Übertragen auf die Technik ­– Wo sehen Sie Möglichkeiten und Grenzen des Lotus-Effekts?

Ideal für die Lotus-Technologie sind Oberflächen, die Regen ausgesetzt sind. Hier tritt die Selbstreinigung wie beim natürlichen Vorbild problemlos ein. Anwendung findet der Lotus-Effekt zum Beispiel bei Wandfarbe. Aber – und dessen sollte man sich bewusst sein – die Wirksamkeit des Lotus-Effekts ist nicht von unendlicher Dauer. Der Selbstreinigungseffekt funktioniert gegebenenfalls nur über einen gewissen Zeitraum. Auch die Automobilindustrie bietet dem Lotus-Effekt beispielsweise bei Lacken oder der Autowäsche ein großes Anwendungsfeld. Aber auch hier darf man nicht vergessen, diesen Effekt immer wieder zu erneuern – so wie es die Lotus-Pflanze vorgibt. In diesem Kontext sehe ich vor allem im Insektenflug ein großes Problem. Durch den Aufprall von Käfern oder Mücken wird die Oberflächenstruktur und somit der Lotus-Effekt sukzessive zerstört.
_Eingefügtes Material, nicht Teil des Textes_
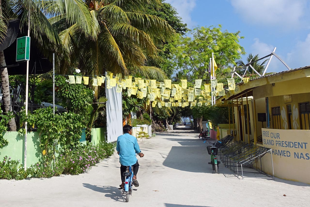 Drei Stunden später geht es weiter zu einer anderen Insel. Sie heißt Kamadhoo und wird von ca. 600 Maldivern bewohnt. Sie ist nicht weit weg von der Touristeninsel Landaa Giraavaru, auf der sich das Four Seasons Resort befindet. Deshalb arbeiten auch die meisten Bewohner in diesem Resort. Dort kosten die Bungalows für die Touristen 1000 Euro und mehr pro Nacht, sodass die Trinkgelder für die Bediensteten großzügig ausfallen und das Einkommen der Maldiver sehr hoch ist. Das merkt man schon bei der Einfahrt in den Hafen dieser Insel, der sehr viel besser befestigt ist und in dem ein reger Verkehr herrscht. Die gelbe Fahne ist das Wahrzeichen der Oppositions- Partei, die hier mit vielen Mitgliedern stark vertreten ist. Die gelben Fahnen finden wir auch auf der Dorfstraße vor dem Parteizentrum der MDP wieder.
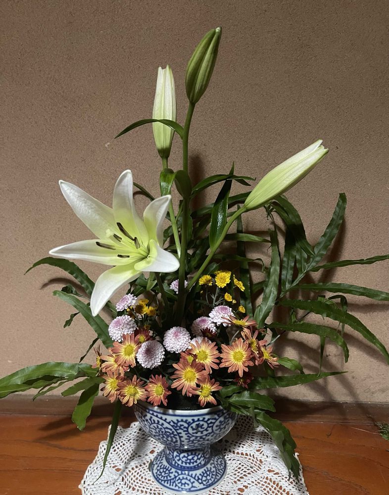 仏壇に飾ったりして、1本だけ菊の花と飾りました。白の百合の花は、どんな色の花にも合うので、いいですね!
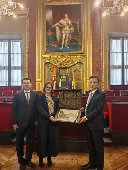 2025年10月15日,驻米兰总领事刘侃陪同沈阳市长吕志成一行访问都灵,期间会见都灵市副市长法瓦罗。
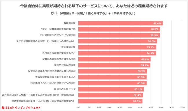 ┗ 保護者、保育所双方が「金銭的な支援や日常的な利便性向上に関するサービス」を自治体に期待。
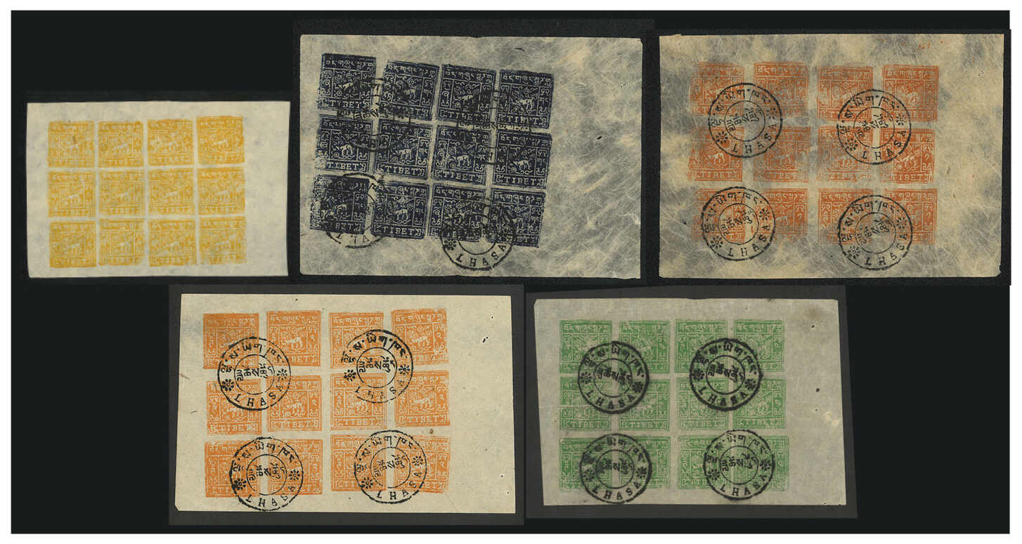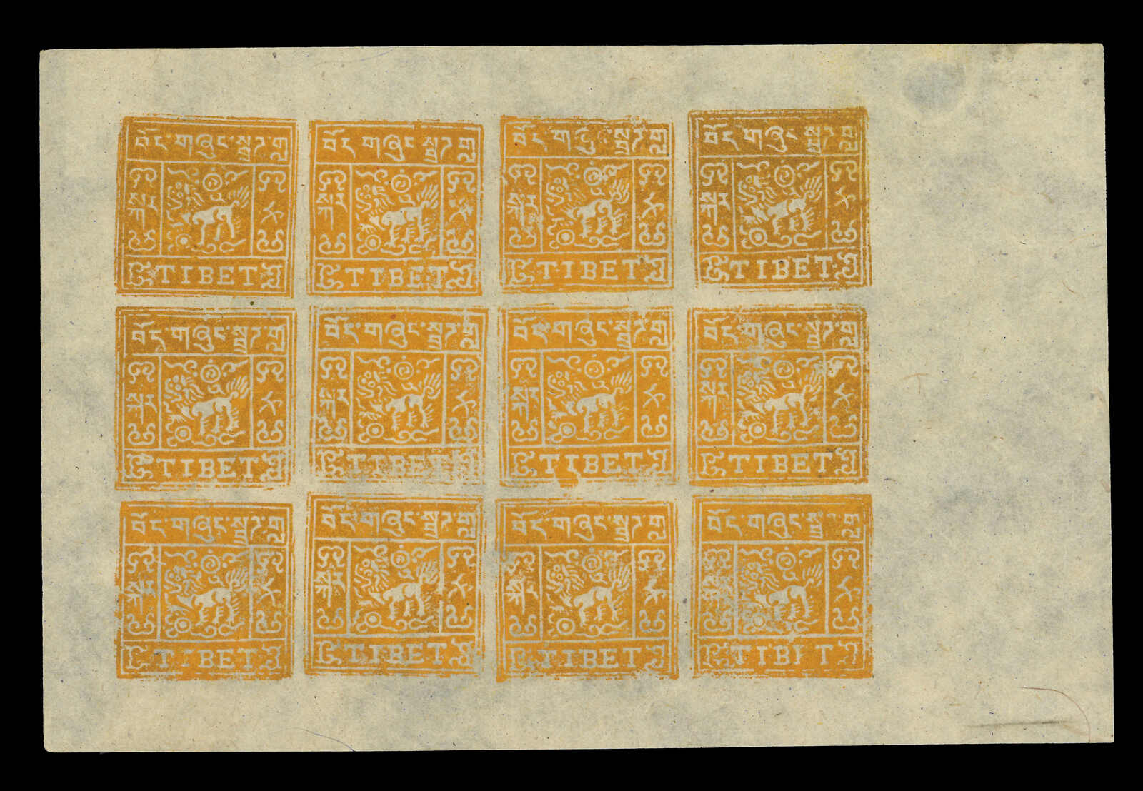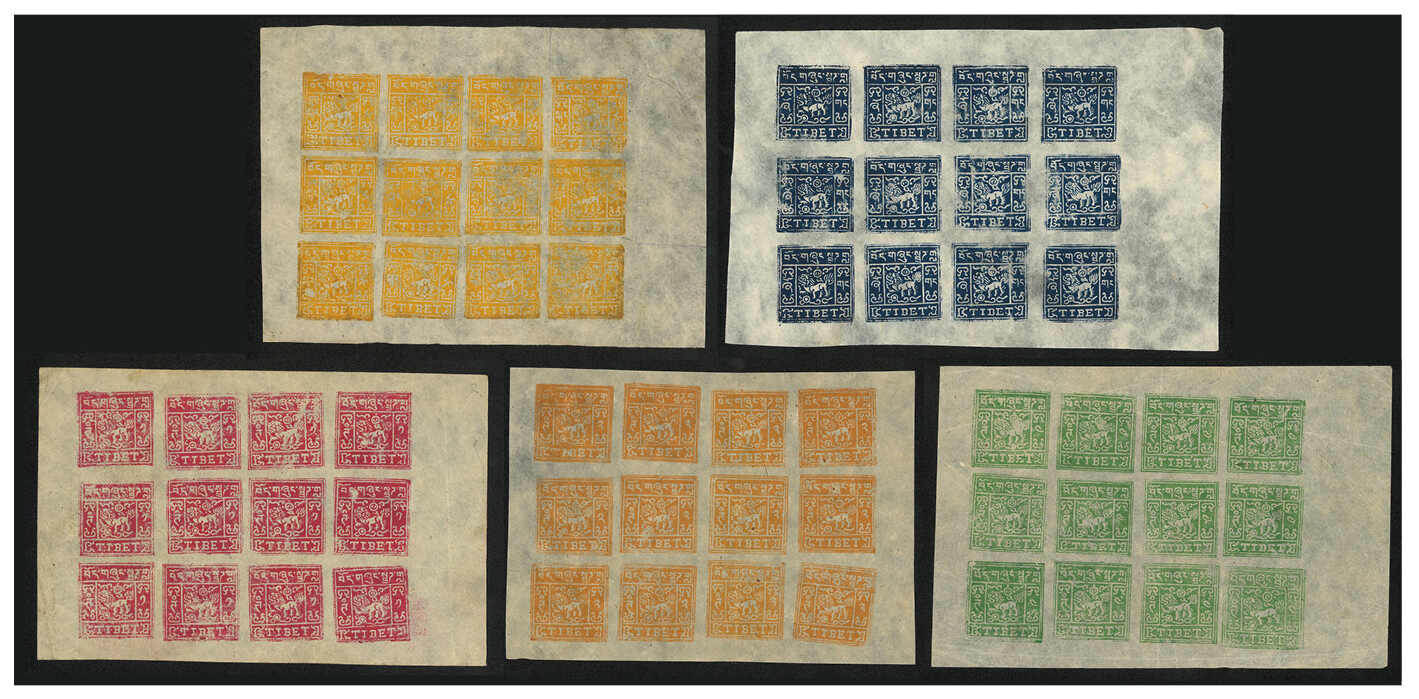 1933年西藏獅圖第三版全套,十二方連5全張,其中4全張為請求加蓋2章噶及4章噶蓋銷拉薩戳記。(Image 1)

Herr Professor Dr. Rechenberg, würden Sie uns abschließend noch einen Ausblick geben, was zukünftig mit dem Lotus-Effekt noch möglich sein wird?
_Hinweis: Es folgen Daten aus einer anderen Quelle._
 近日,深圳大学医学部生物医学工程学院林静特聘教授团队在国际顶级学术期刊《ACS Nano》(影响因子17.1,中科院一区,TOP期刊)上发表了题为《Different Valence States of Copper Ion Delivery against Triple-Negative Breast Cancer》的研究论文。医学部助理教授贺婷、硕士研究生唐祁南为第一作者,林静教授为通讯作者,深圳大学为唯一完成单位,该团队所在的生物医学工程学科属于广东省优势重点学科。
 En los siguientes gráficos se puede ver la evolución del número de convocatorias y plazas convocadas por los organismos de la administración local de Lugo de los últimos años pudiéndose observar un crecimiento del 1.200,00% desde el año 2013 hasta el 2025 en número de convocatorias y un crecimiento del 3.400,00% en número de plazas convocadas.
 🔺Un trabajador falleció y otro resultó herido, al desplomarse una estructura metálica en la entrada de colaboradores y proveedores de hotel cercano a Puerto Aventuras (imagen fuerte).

Als Bioniker beobachte ich lediglich die Perfektion der Natur – welche Leistungen sie hervorbringt – und bin gewillt, diese in Zusammenarbeit mit ausgezeichneten Ingenieuren technisch nachzubilden. Nur das Zusammenwirken von Biologie und Technik hat dem Menschen Fortschritt gebracht. Meist steht die Beobachtung in der Biologie im Vordergrund. Wenn die Technik ihren Teil beiträgt, dann kommt es zu „Explosionen“ – so wie es im Fall der Lotus-Pflanze war.

Vielen Dank Herr Professor Dr. Rechenberg für die lehrreiche Erläuterung des Lotus-Effekts und die Begründung dessen, warum es so wichtig ist, ihn immer wieder zu erneuern.